Table 9: Hazard ratios (HR) for time-dependent personal vehicle model
Covariate Interval HR Inverse HR 95% CI for HR
Parking cost 0-5 minutes 0.8546 1.1701 [0.8096, 0.9021]
Parking cost 5-10 minutes 0.8594 1.1637 [0.8239, 0.8963]
Parking cost 10-20 minutes 0.9251 1.0809 [0.9065, 0.9441]
Parking cost 20-30 minutes 0.9544 1.0478 [0.938, 0.9711]
Parking cost > 30 minutes 0.9903 1.0098 [0.9821, 0.9985]
Toll cost 0-5 minutes 0.0682 14.6640 [0.033, 0.1407]
Toll cost 5-10 minutes 0.0572 17.4973 [0.0311, 0.105]
Toll cost 10-20 minutes 0.6374 1.5689 [0.5917, 0.6866]
Toll cost 20-30 minutes 0.9361 1.0683 [0.9062, 0.967]
Toll cost > 30 minutes 0.9793 1.0211 [0.9652, 0.9937]
Household size 0-5 minutes 1.0680 0.9364 [1.0549, 1.0812]
Household size 5-10 minutes 1.0723 0.9326 [1.0604, 1.0843]
Household size 10-20 minutes 1.0528 0.9498 [1.042, 1.0638]
Household size 20-30 minutes 1.0039 0.9961 [0.9883, 1.0197]
Household size > 30 minutes 1.0112 0.9889 [0.9954, 1.0272]
Purpose: work 0-5 minutes 0.6736 1.4846 [0.6299, 0.7203]
Purpose: work 5-10 minutes 0.5599 1.7860 [0.5283, 0.5934]
Purpose: work 10-20 minutes 0.6458 1.5485 [0.6165, 0.6764]
Purpose: work 20-30 minutes 0.8565 1.1675 [0.8086, 0.9072]
Purpose: work > 30 minutes 1.0554 0.9475 [1.0012, 1.1125]
Purpose: non-work 0-5 minutes 1.3939 0.7174 [1.343, 1.4468]
Purpose: non-work 5-10 minutes 1.2285 0.8140 [1.1888, 1.2696]
Purpose: non-work 10-20 minutes 1.2561 0.7961 [1.2178, 1.2955]
Purpose: non-work 20-30 minutes 1.1929 0.8383 [1.1373, 1.2512]
Purpose: non-work > 30 minutes 1.0653 0.9387 [1.0144, 1.1188]
Origin TAZ terminal time 0-5 minutes 0.9167 1.0909 [0.896, 0.9379]
Origin TAZ terminal time 5-10 minutes 0.9207 1.0861 [0.9029, 0.9389]
Origin TAZ terminal time 10-20 minutes 0.9781 1.0223 [0.9627, 0.9939]
Origin TAZ terminal time 20-30 minutes 0.9964 1.0037 [0.9748, 1.0184]
Origin TAZ terminal time > 30 minutes 1.0165 0.9838 [0.9953, 1.0381]
Destination TAZ terminal time 0-5 minutes 0.8909 1.1225 [0.8744, 0.9077]
Destination TAZ terminal time 5-10 minutes 0.9244 1.0818 [0.9102, 0.9388]
Destination TAZ terminal time 10-20 minutes 0.9340 1.0707 [0.9222, 0.9459]
Destination TAZ terminal time 20-30 minutes 0.9643 1.0370 [0.9492, 0.9797]
Destination TAZ terminal time > 30 minutes 0.9888 1.0113 [0.9752, 1.0026]

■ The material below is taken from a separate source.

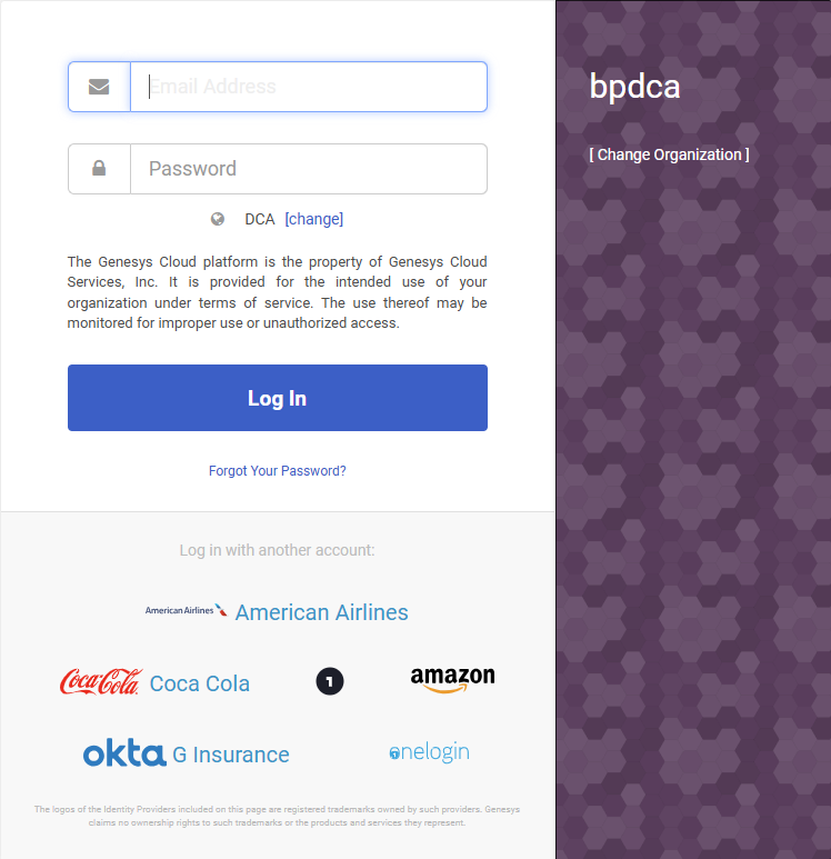 - Genesys Cloudログインページにロゴを表示するには、ログインページでの表示名。注記:6 つ以上の ID プロバイダーがある場合、「ログイン ページに名前を表示」オプションは使用できません。
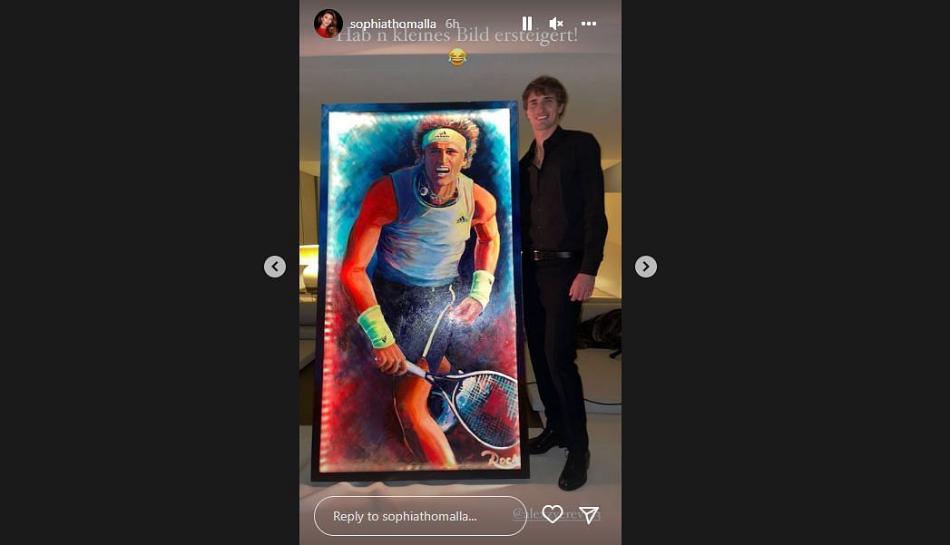 Thomalla took to social media to share a picture of Zverev standing next to his portrait. She joked that she had just auctioned a "small picture."

The plot of deviance residuals for the updated, time-dependent model is shown in Figure 1. Though a few potential outliers are observed in the “trip ended earlier than expected” category (large positive deviance residuals), they are small in number, and individual exploration revealed no grounds on which to exclude any points as outliers.

Figure 1: Time-dependent personal vehicle model deviance residuals

Figure 1: Time-dependent personal vehicle model deviance residuals


Plots of null Cox model Martingale residuals against parking cost, toll cost, household size, origin and destination TAZ parking, and origin and destination TAZ terminal time revealed no drastic deviations from linearity, so no functional forms were changed in the time-dependent model. However, exact linearity did not appear to be achieved for any of these covariates, indicating better functional forms likely exist for the inclusion of these covariates in the model. For this analysis, linearity was deemed “close enough” in the context of time and processing limitations.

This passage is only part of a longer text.